Surveillance data captured during the COVID-19 pandemic may not be optimal to inform a public health response, because it is biased by imperfect test accuracy, differential access to testing, and uncertainty in date of infection.
We downloaded COVID-19 time-series surveillance data from the Colorado Department of Public Health & Environment by report and illness onset dates for 9 March 2020 to 30 September 2020. We used existing Bayesian methods to first adjust for misclassification in testing and surveillance, followed by deconvolution of date of infection. We propagated forward uncertainty from each step corresponding to 10,000 posterior time-series of doubly adjusted epidemic curves. The effective reproduction number (Rt), a parameter of principal interest in tracking the pandemic, gauged the impact of the adjustment on inference.

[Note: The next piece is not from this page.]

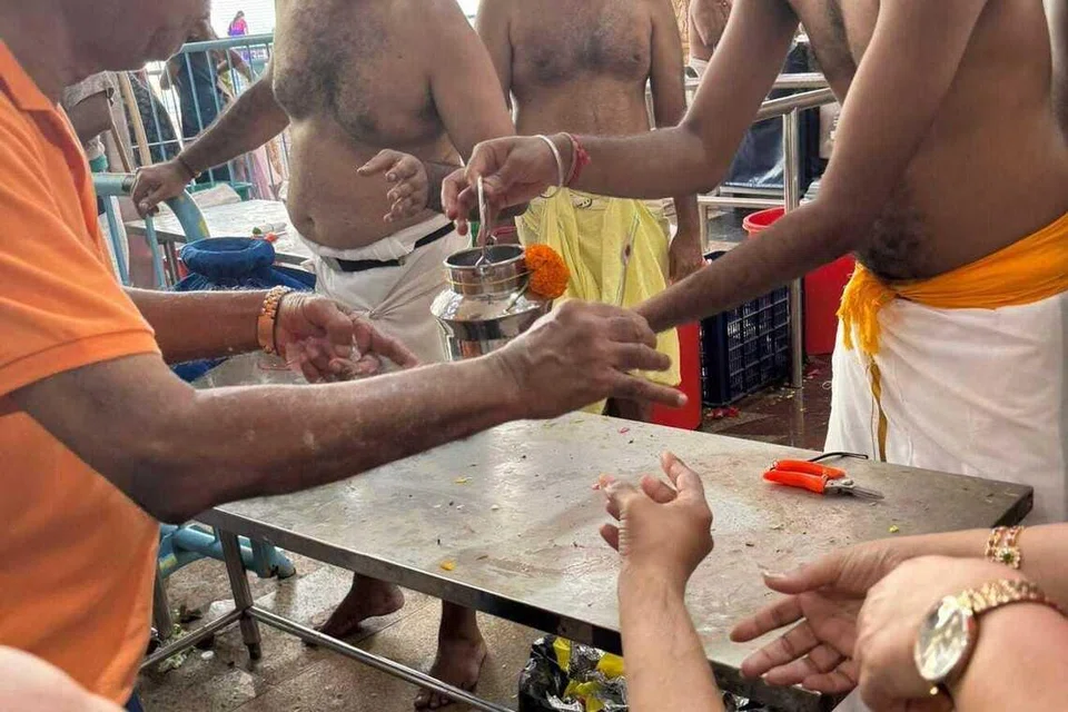 வேலை நல்லபடியாகச் செலுத்தியதும் ஸ்ரீ வீரமாகாளியம்மன் கோயிலில் அவர்கள் அன்னதானமளித்தனர். “இது என் மாமனார் திரு சிங்காரம் கடைப்பிடித்துவந்த வழக்கம்,” என்றார் திரு புருஷோத்தமன்.

Observed period prevalence was 1.3%; median of the posterior of true (adjusted) prevalence was 1.7% (95% credible interval [CrI]: 1.4%, 1.8%). Sensitivity of surveillance declined over the course of the epidemic from a median of 88.8% (95% CrI: 86.3%, 89.8%) to a median of 60.8% (95% CrI: 60.1%, 62.6%). The mean (minimum, maximum) values of Rt were higher and more variable by report date, 1.12 (0.77, 4.13), compared to those following adjustment, 1.05 (0.89, 1.73). The epidemic curve by report date tended to overestimate Rt early on and be more susceptible to fluctuations in data.
Adjusting for epidemic curves based on surveillance data is necessary if estimates of missed cases and the effective reproduction number play a role in management of the COVID-19 pandemic.